**ASSIGNMENT**
Please write out the entire listing below exactly, excluding its pictures.

**GIVEN MATERIAL**
· · ·
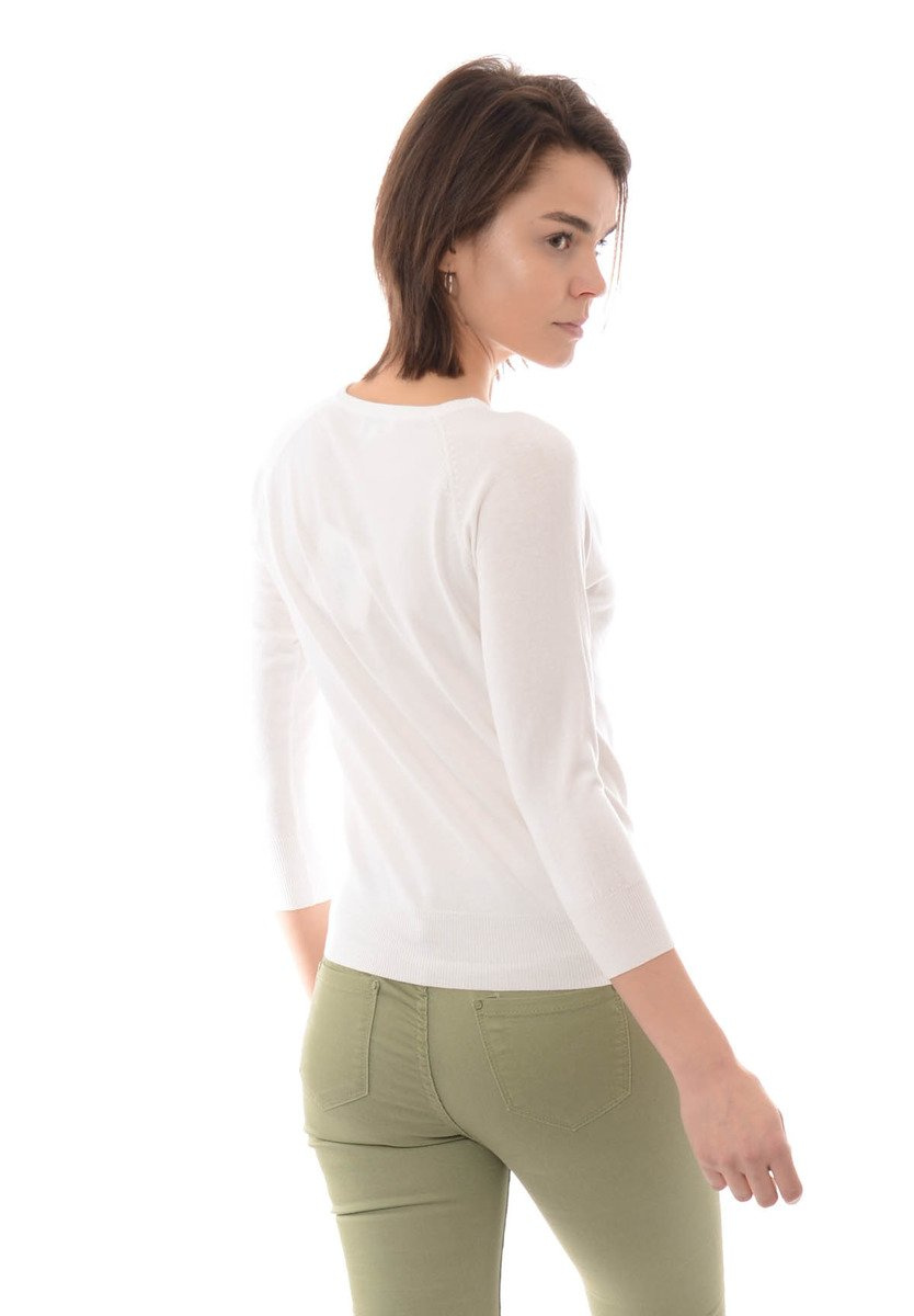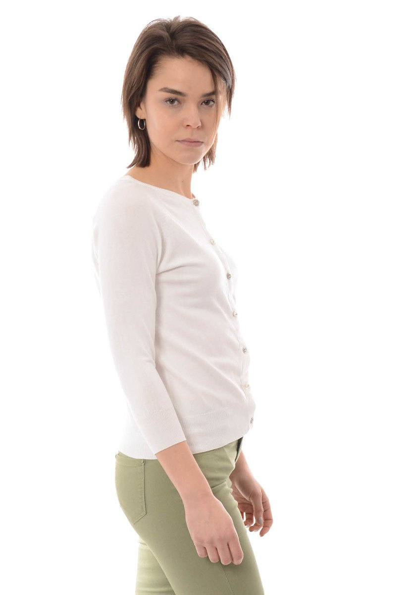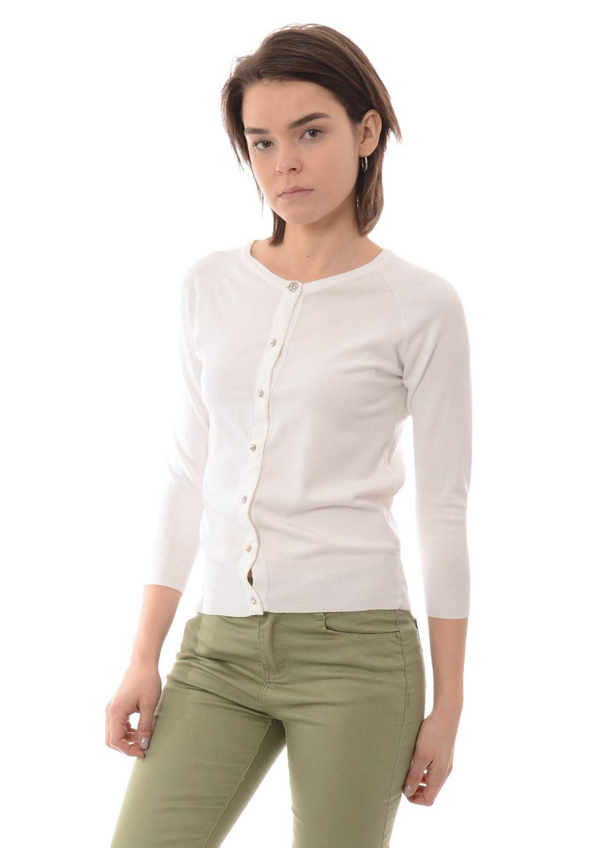Piękny damski sweterek w kolorze białym. Sweterek zapinany jest na ozdobne guziki. Sweterek posiada rękaw 3/4. Bluzka wykonana jest z materiałów najwyższej jakości. Materiał: 80% Viscose, 20% Poliester.
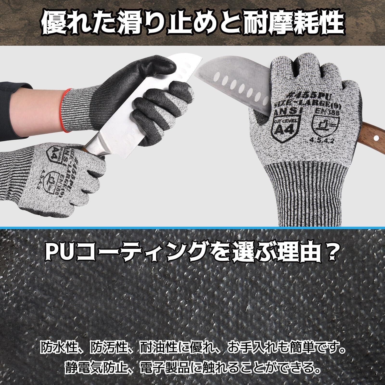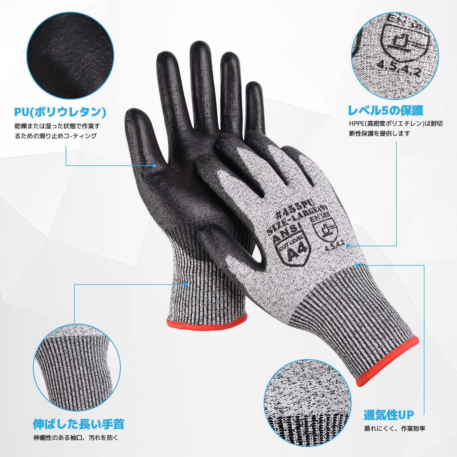 [DONFRI] 軍手 耐切創手袋 防刃 防刃手袋 作業用 手袋 滑り止め 切れない 防災 PUコーティング レベル5の耐切断性 (1双パック, L)
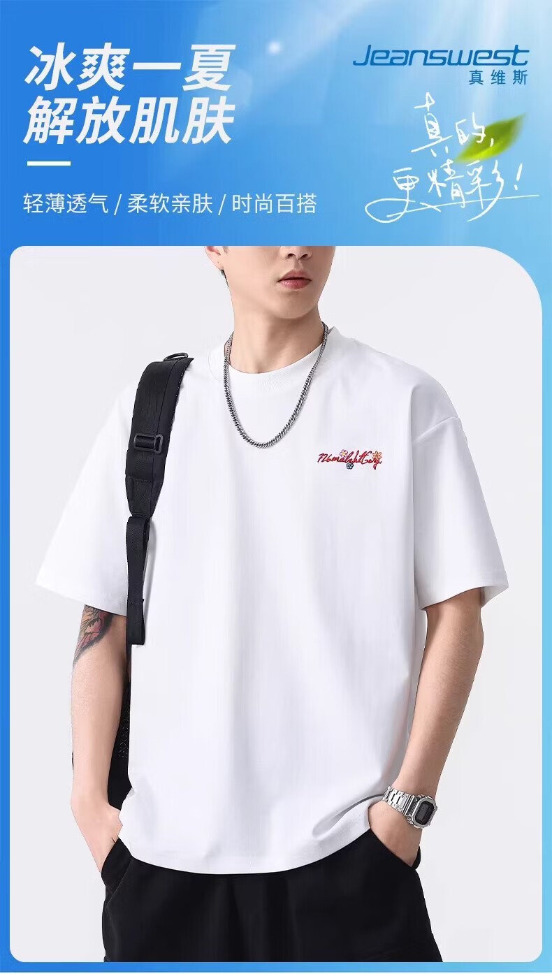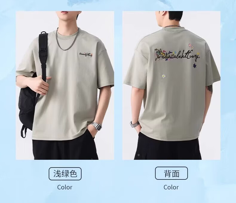 真维斯(Jeanswest)美式休闲刺绣圆领短袖T恤男夏季新款时尚潮牌百搭复古上衣 浅绿色【柔软亲肤】 XL 建议体重150-165斤
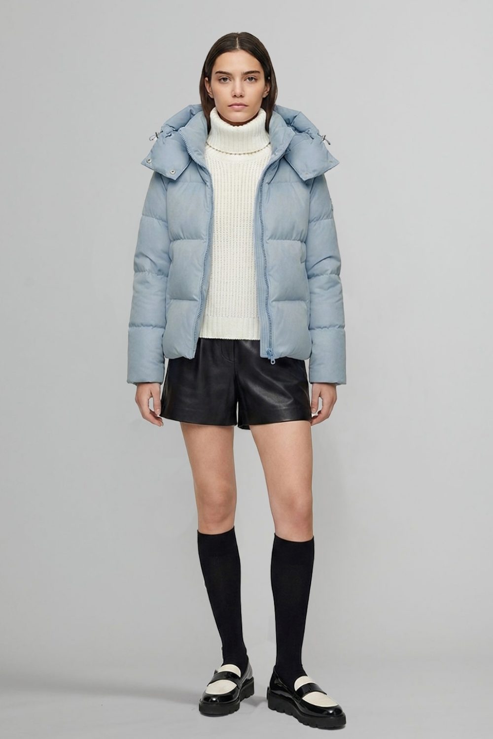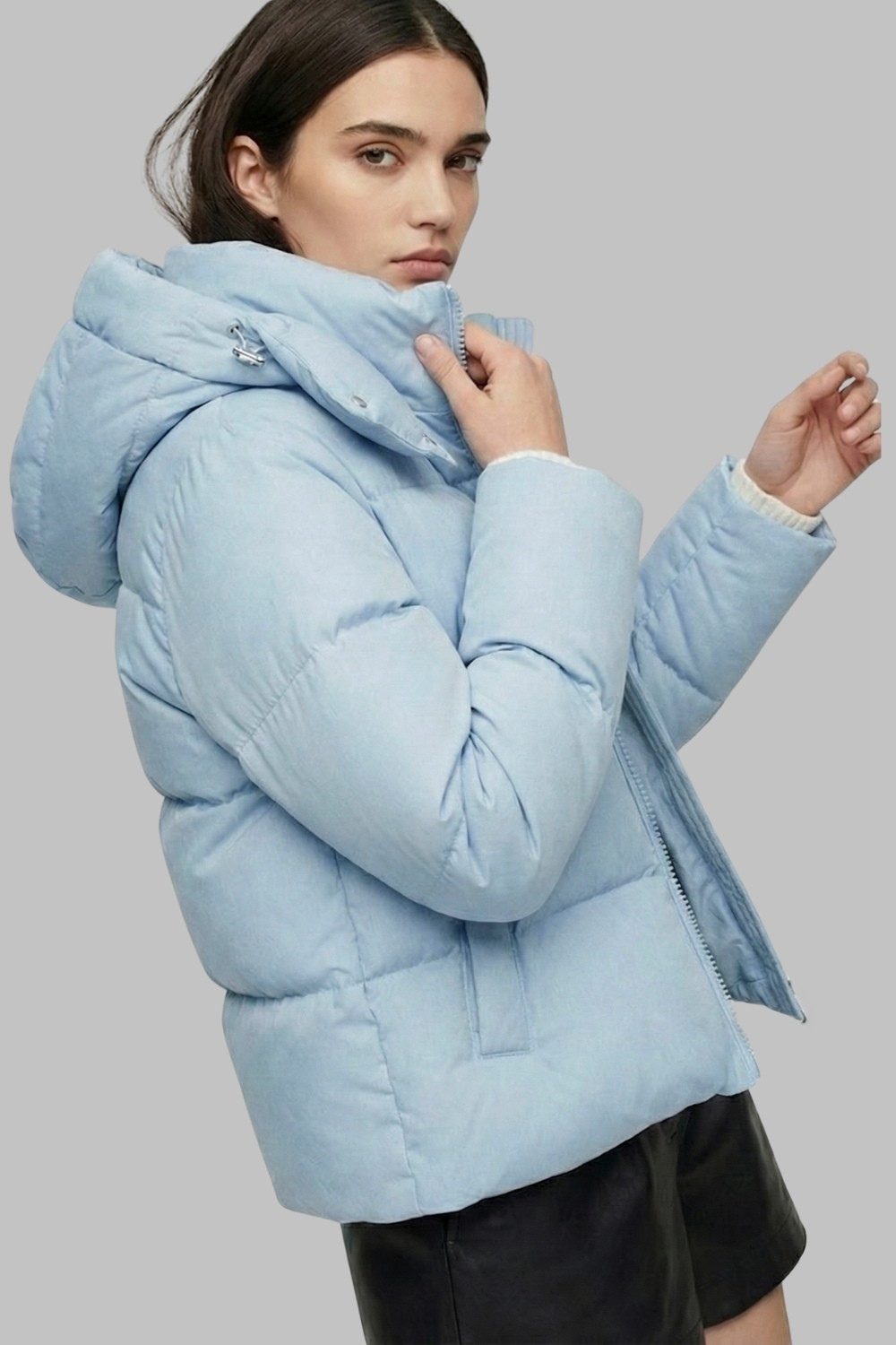 ボリュームのあるダウン分量と直線的なステッチラインにより、モダンなバランスのショートシルエットを実現。
· · ·
**RESPONSE TO THIS EXERCISE**
Piękny damski sweterek w kolorze białym. Sweterek zapinany jest na ozdobne guziki. Sweterek posiada rękaw 3/4. Bluzka wykonana jest z materiałów najwyższej jakości. Materiał: 80% Viscose, 20% Poliester.
 [DONFRI] 軍手 耐切創手袋 防刃 防刃手袋 作業用 手袋 滑り止め 切れない 防災 PUコーティング レベル5の耐切断性 (1双パック, L)
 真维斯(Jeanswest)美式休闲刺绣圆领短袖T恤男夏季新款时尚潮牌百搭复古上衣 浅绿色【柔软亲肤】 XL 建议体重150-165斤
 ボリュームのあるダウン分量と直線的なステッチラインにより、モダンなバランスのショートシルエットを実現。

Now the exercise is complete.